[Exercise requirements] The material below holds pictures; leave them out and reproduce exactly the lines from the one with "EATON - EAO289968" through the one with "Join us underwater", inclusive.

[Extracted information]
========

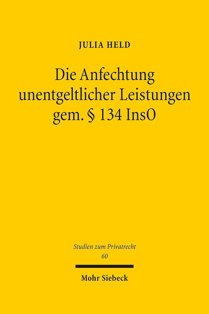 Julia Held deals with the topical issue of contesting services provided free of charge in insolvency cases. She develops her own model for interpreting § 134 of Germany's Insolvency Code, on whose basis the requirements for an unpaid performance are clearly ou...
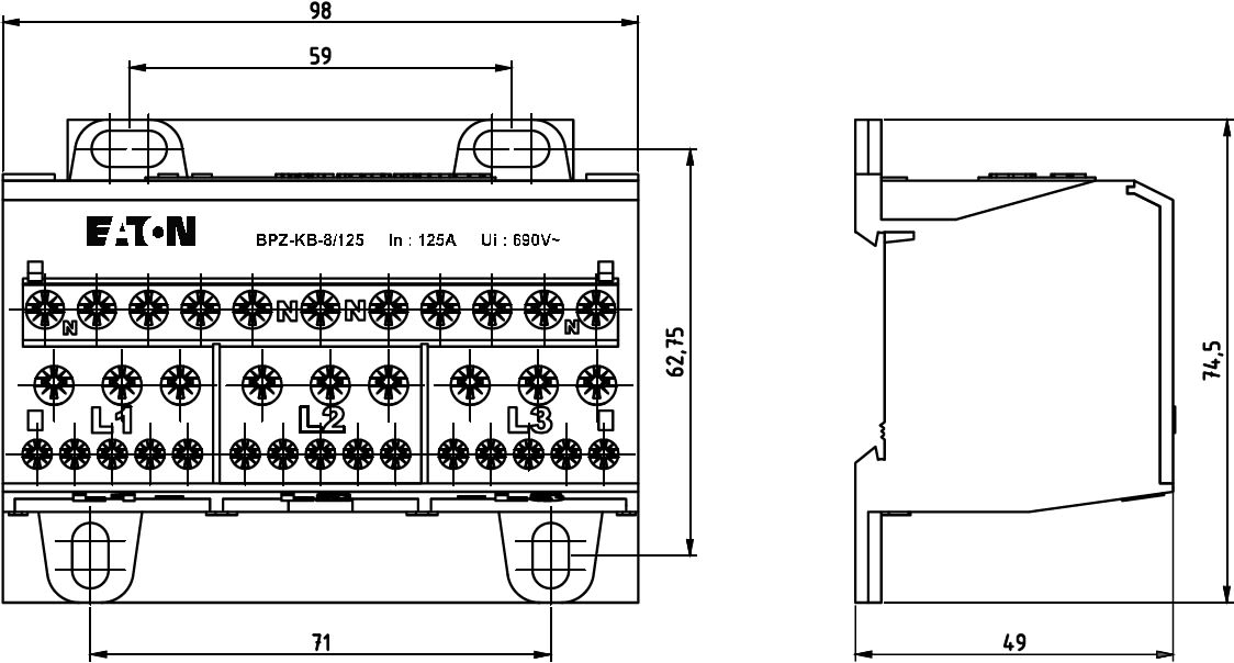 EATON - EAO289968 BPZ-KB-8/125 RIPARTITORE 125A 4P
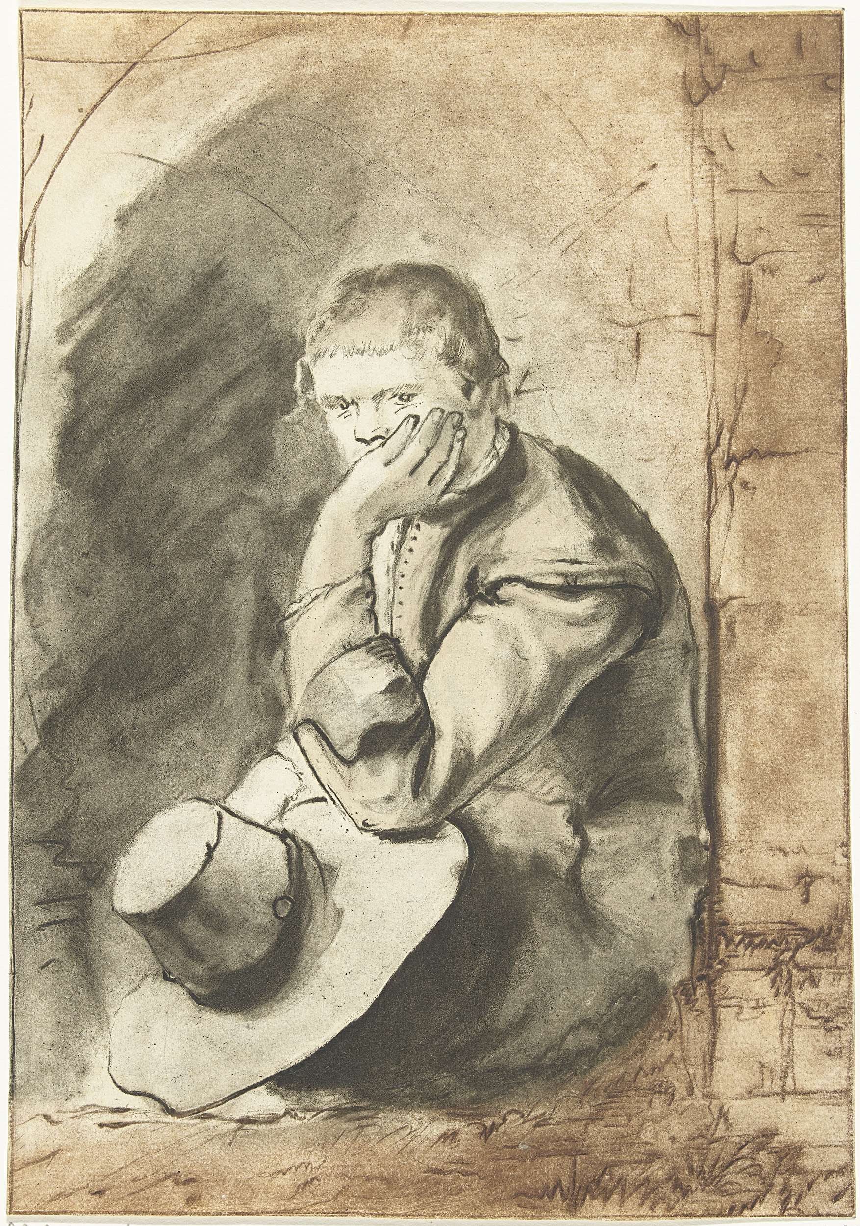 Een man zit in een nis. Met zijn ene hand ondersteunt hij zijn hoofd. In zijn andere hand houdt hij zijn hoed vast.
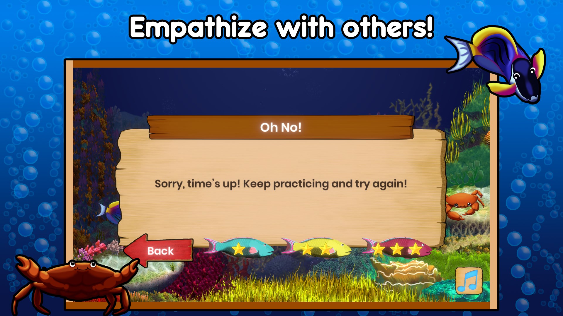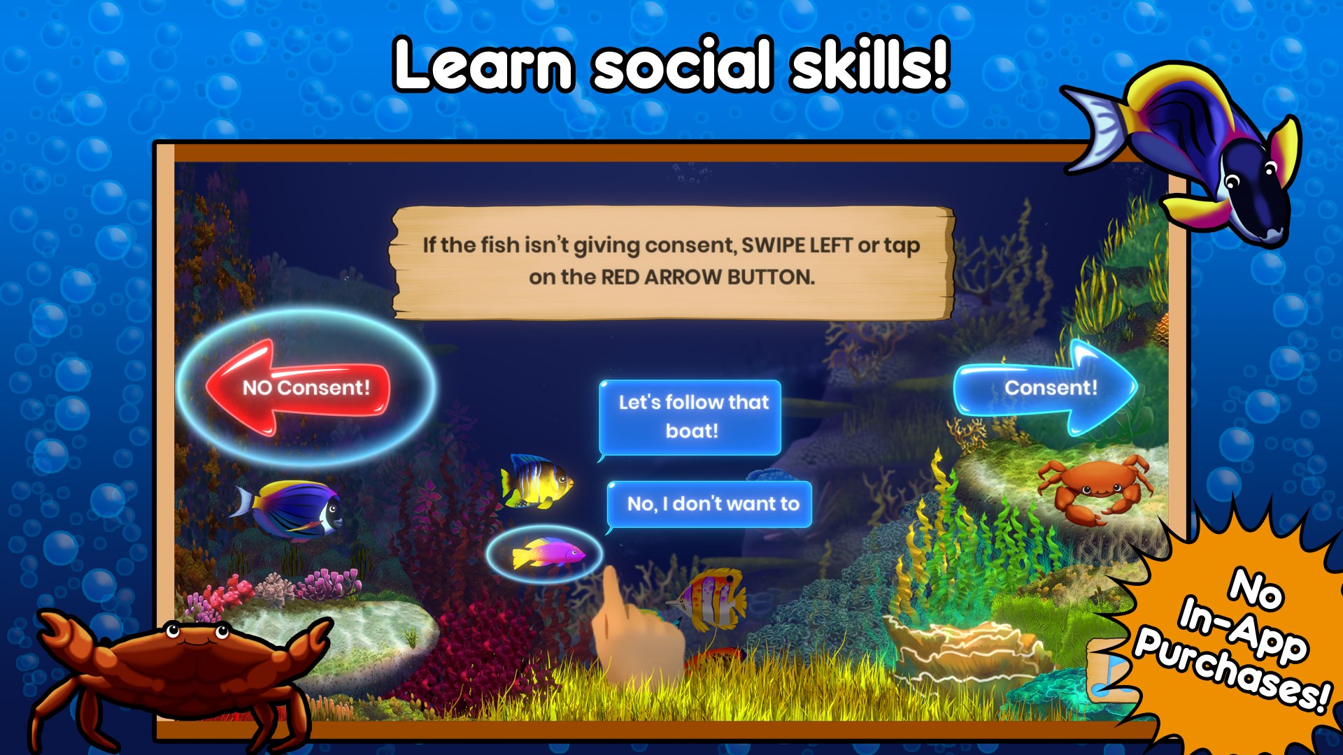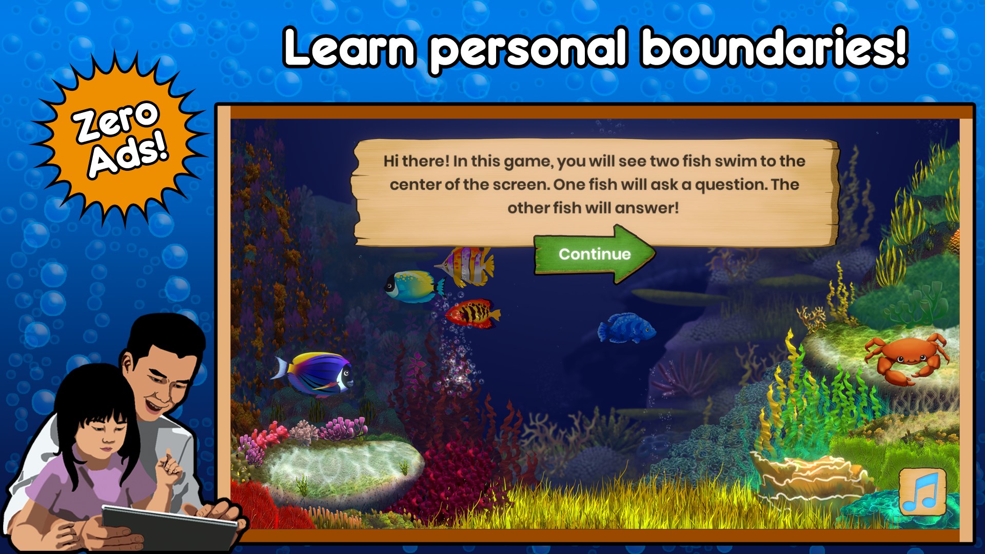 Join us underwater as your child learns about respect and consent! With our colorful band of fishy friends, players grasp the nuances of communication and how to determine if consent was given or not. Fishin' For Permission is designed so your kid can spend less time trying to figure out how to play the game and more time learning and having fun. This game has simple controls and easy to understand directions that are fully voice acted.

========

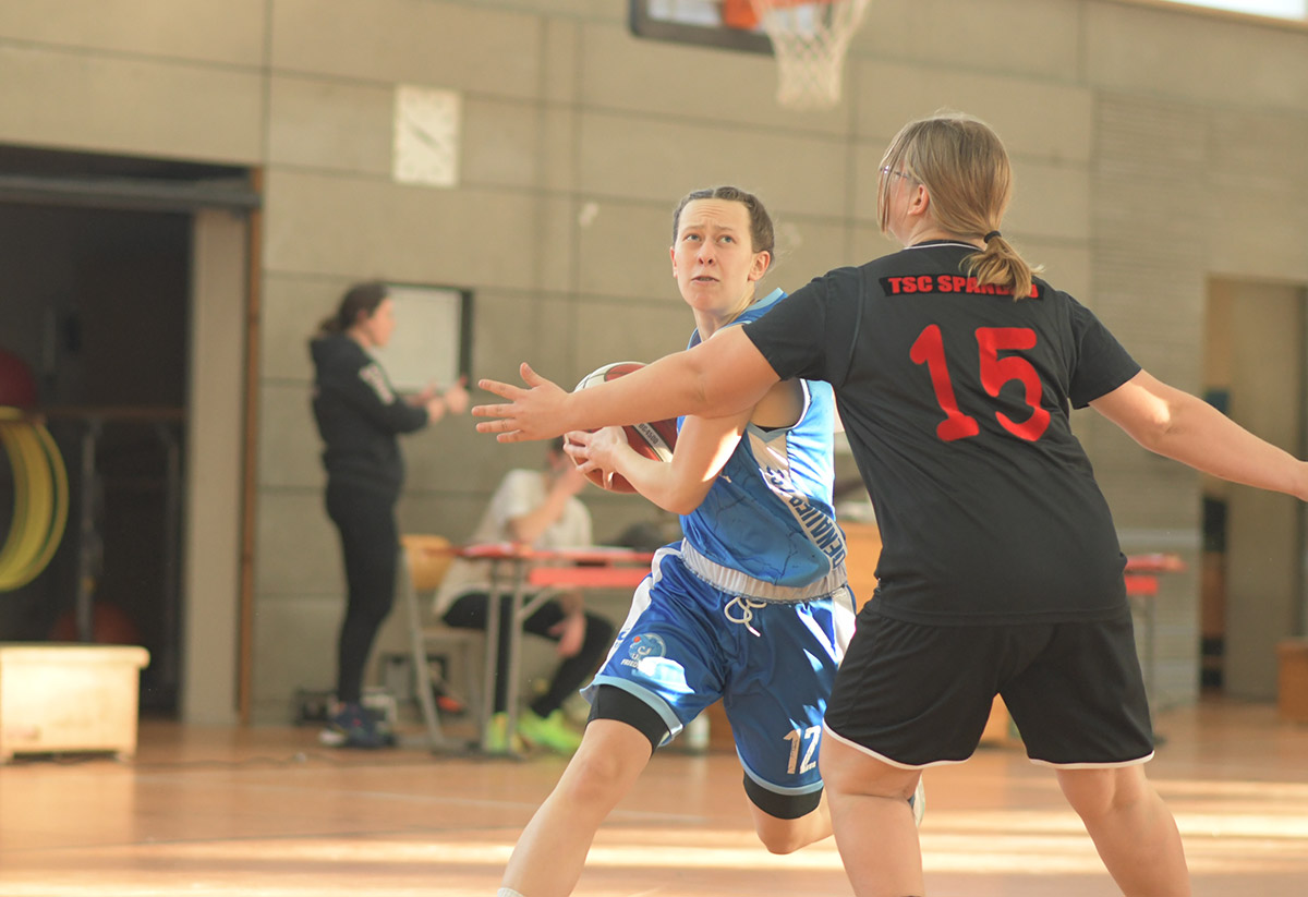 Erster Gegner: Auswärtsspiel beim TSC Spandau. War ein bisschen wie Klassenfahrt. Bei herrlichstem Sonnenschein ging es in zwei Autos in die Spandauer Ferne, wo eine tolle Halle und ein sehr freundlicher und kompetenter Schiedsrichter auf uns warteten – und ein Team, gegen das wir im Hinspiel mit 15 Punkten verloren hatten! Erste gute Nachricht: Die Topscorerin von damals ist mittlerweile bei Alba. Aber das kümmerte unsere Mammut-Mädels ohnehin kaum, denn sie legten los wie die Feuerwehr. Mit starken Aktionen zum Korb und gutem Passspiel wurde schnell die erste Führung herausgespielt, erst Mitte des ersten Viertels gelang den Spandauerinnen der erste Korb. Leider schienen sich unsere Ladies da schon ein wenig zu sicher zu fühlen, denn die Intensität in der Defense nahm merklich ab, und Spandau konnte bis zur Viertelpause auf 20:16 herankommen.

========

[Solution for this exercise]
 EATON - EAO289968 BPZ-KB-8/125 RIPARTITORE 125A 4P
 Een man zit in een nis. Met zijn ene hand ondersteunt hij zijn hoofd. In zijn andere hand houdt hij zijn hoed vast.
 Join us underwater as your child learns about respect and consent! With our colorful band of fishy friends, players grasp the nuances of communication and how to determine if consent was given or not. Fishin' For Permission is designed so your kid can spend less time trying to figure out how to play the game and more time learning and having fun. This game has simple controls and easy to understand directions that are fully voice acted.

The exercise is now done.